41. What a beautiful and very typical description of that battle which must rage within the mind of every one who contemplates launching out into the deeps for trusting God for their all! Oh, the questions that are raised! "What will people think of you? Who else do you see doing something so silly? How will you keep from failing miserably? What will you say when you have come to rags and poverty and find yourself starving? Is this not for those who are much more spiritual and therefore much more worthy to receive of God's hand than yourself? If you must do this, why not wait until tomorrow, or until your financial situation can more afford it? Why not wait until your stocks have reached maturity? Why not wait until you have retired? Why not wait until you receive that inheritance your uncle has promised to leave you (no mind that the uncle is but 40 years old)? etc., etc., etc. ad infinitum." All manner of sacrifice is called for in order to become a doctor, a lawyer, a success in business, all of which temporary rewards are afforded the creature from the beast's so risky and tentative realm, but never do we hear a discouraging word concerning this. It is reserved only for those who despise the mammon of this world for a more enduring, though, as yet, unseen reward. And if you determine to go forward in trusting God completely, without relying on any externals, you will do so by faith.

42. War is the inevitable response from the Dragon whenever there is an incursion into Paradise. No sooner is the Manchild caught up to God and to His throne and there is war in heaven or Paradise. We need not look out our window to see this war, for it takes place within us, and we need not go to some location to enlist in it, for all that is necessary to be inducted into the Lamb's roll-call is a renouncing of the beast and his realm. You will, upon this, surely see an outbreak of war in your heavens. This is your Battle of Armageddon. And this is good news, for it is then that the great Prince, Michael, shall stand on the part of His people and shortly cast down the Dragon and his voices from your Paradise to your earth so that you may have a New Heaven wherein dwells not the Dragon and all his accusing voices, but righteousness.

43. This kind of peace, like everything the Serpent would offer, is spiked with wormwood. For it is not truly peace but merely an absence of war on the grounds of unconditional surrender. That is not peace but defeat. The Lamb's Holy warriors will not accept peace on such terms, but are committed, to the death, to that victory purchased by the Lamb's blood. They are not warring for the victory, they are warring from the place of victory already won by the Rider of the White Horse! It is a sad sight indeed when we see one who has laid down his sword and walks in the peace and contentedness of surrender, though it serves as a great warning to the rest of us.

44. Do these precepts not sound at all familiar to us? "If thou wilt fall down and worship me, I will give thee all these things" --Matthew 4:9. If the Captain of our salvation answered him, "Thou shalt worship the Lord thy God, and Him only shalt thou serve," should not they also who are His faithful warriors?

45. Here we have from the mouth of the beast himself, confession that Reason is his prophet, false though he is.

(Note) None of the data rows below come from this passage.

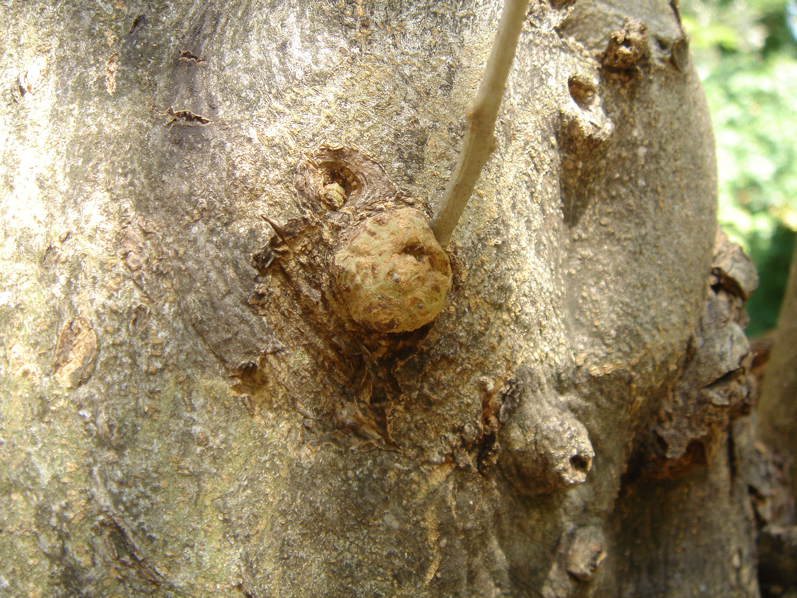 Infection of olive tree by Pseudomonas syringae subsp. savastanoi pv. oleae / found in Greece, Pilion
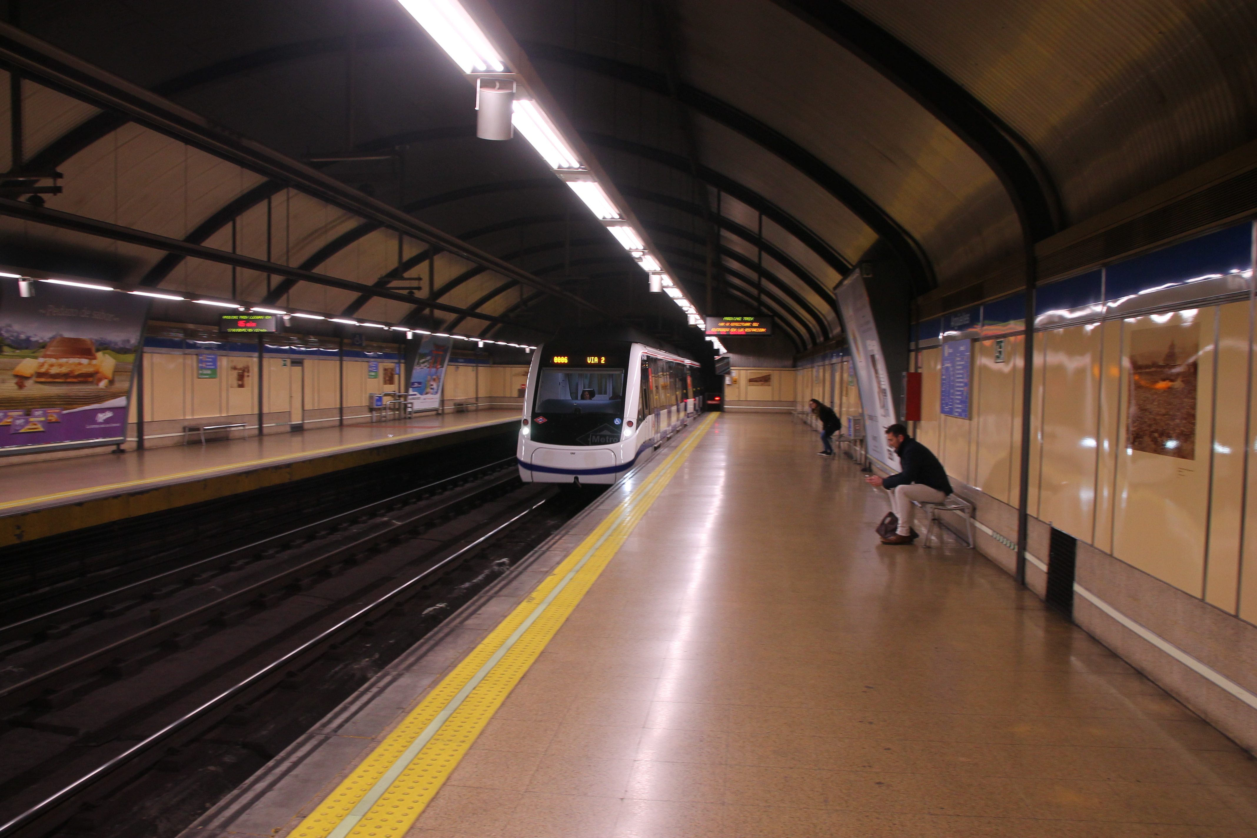 Platform of the Argüelles metro station, line 6, Madrid, train class 8400
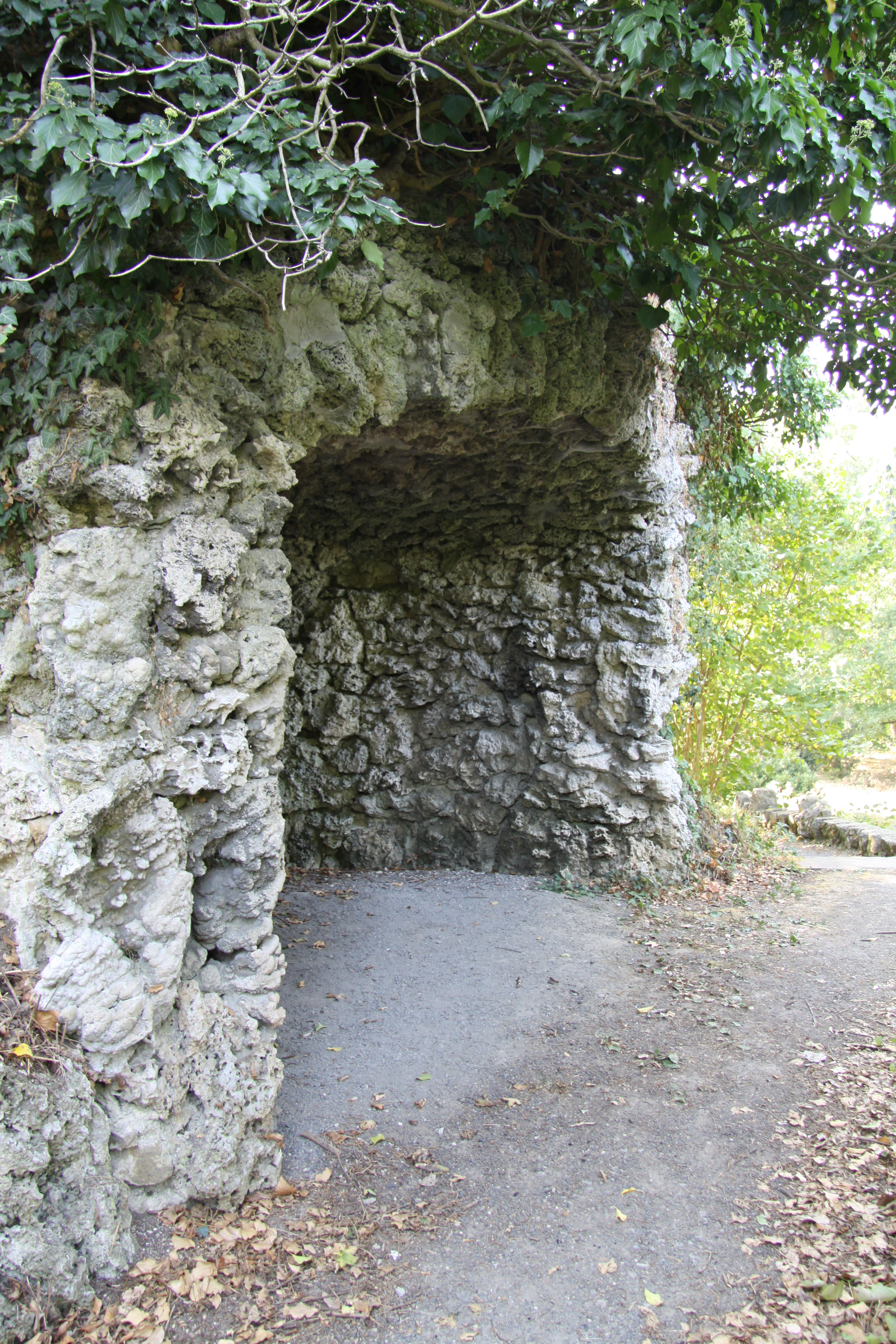 Grotto in the landscape park near Castle Destedt in Destedt in Lower Saxon
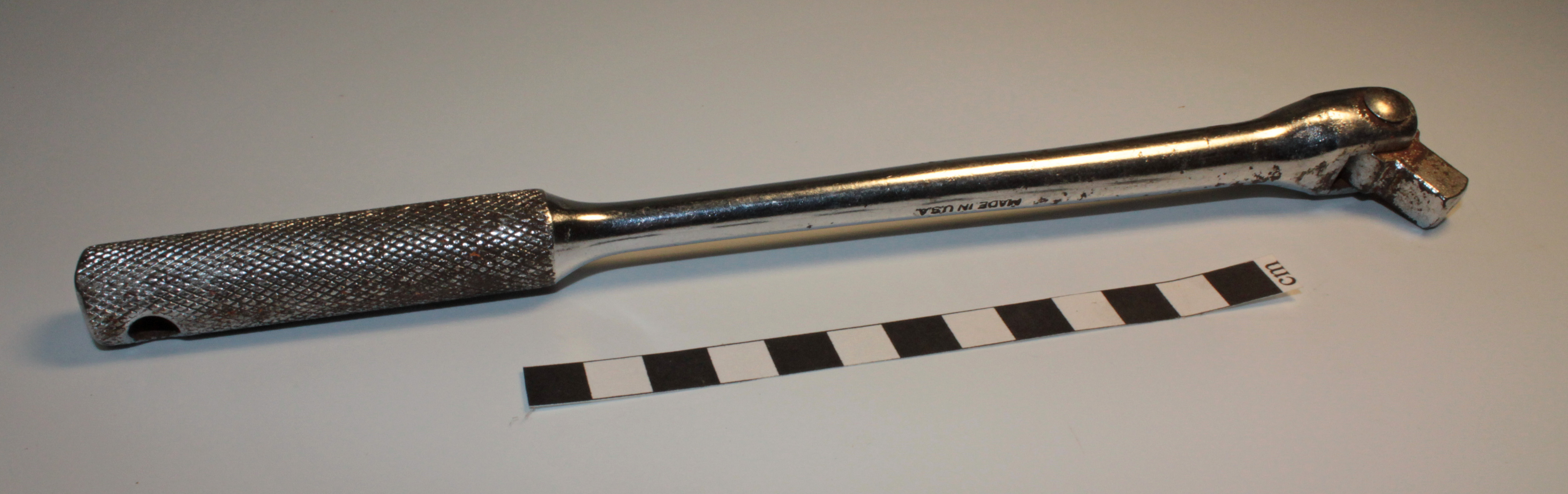 A breaker bar used to exert large amounts of torque on a nut. A normal ratcheting socket wrench performs the same task, however the ratcheting mechanism can be damaged by high loads.

46. This is the whole ground and basis upon which humanism is founded, instant gratification. Our present culture seems built around making man happy and seeing to it that it takes place as soon as possible, and so we now have fast-food eating places, drive-through fast-food, prepared foods quickly made ready by quickie micro-wave ovens, ATM machines, drive-through banking, express lane check-out, quickie marriages and quickie divorces. Even many preachers and sermons of the day imply that the great over-riding concern of God is that man should be happy all the time, and of course that happiness is arrived at by how much money and how many things man can get, and not by his relationship to God -- all a lie. It is possible to have joy even while mourning, even while passing through some terrible trial, even while the pressures of life seem intent upon squeezing it right out of you. Joy, not happiness, is what God means for us. The joy of the Lord is our strength! There is a deep, stable, underlying settledness about joy.

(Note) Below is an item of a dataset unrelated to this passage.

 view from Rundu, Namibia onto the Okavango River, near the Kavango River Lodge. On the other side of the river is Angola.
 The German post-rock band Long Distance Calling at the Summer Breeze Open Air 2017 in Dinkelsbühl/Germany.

47. Certainly this has been the great lie of that part of Christendom which has made the word of God of no effect by preaching instead, the commandments of men. Sometimes it sounds even as though Death, and not Christ, were the Great Benefactor and Deliverer of mankind. As Jesus, the apostles and even Jane Leade all teach, it is quite possible to live a victorious, joyful life in which many of heaven's benefits and royalties may be enjoyed now, in the mortal flesh. We have fed so upon the traditions of man, thinking it to be the word of God, until we have in many cases become fools and slow of heart to believe all that God's Word holds out to us. One example is: "I am the resurrection and the life: he that believeth in Me, though he were dead, yet shall he live: and whosoever liveth and believeth in me shall never die" --John 11:25 & 26. Believest thou this?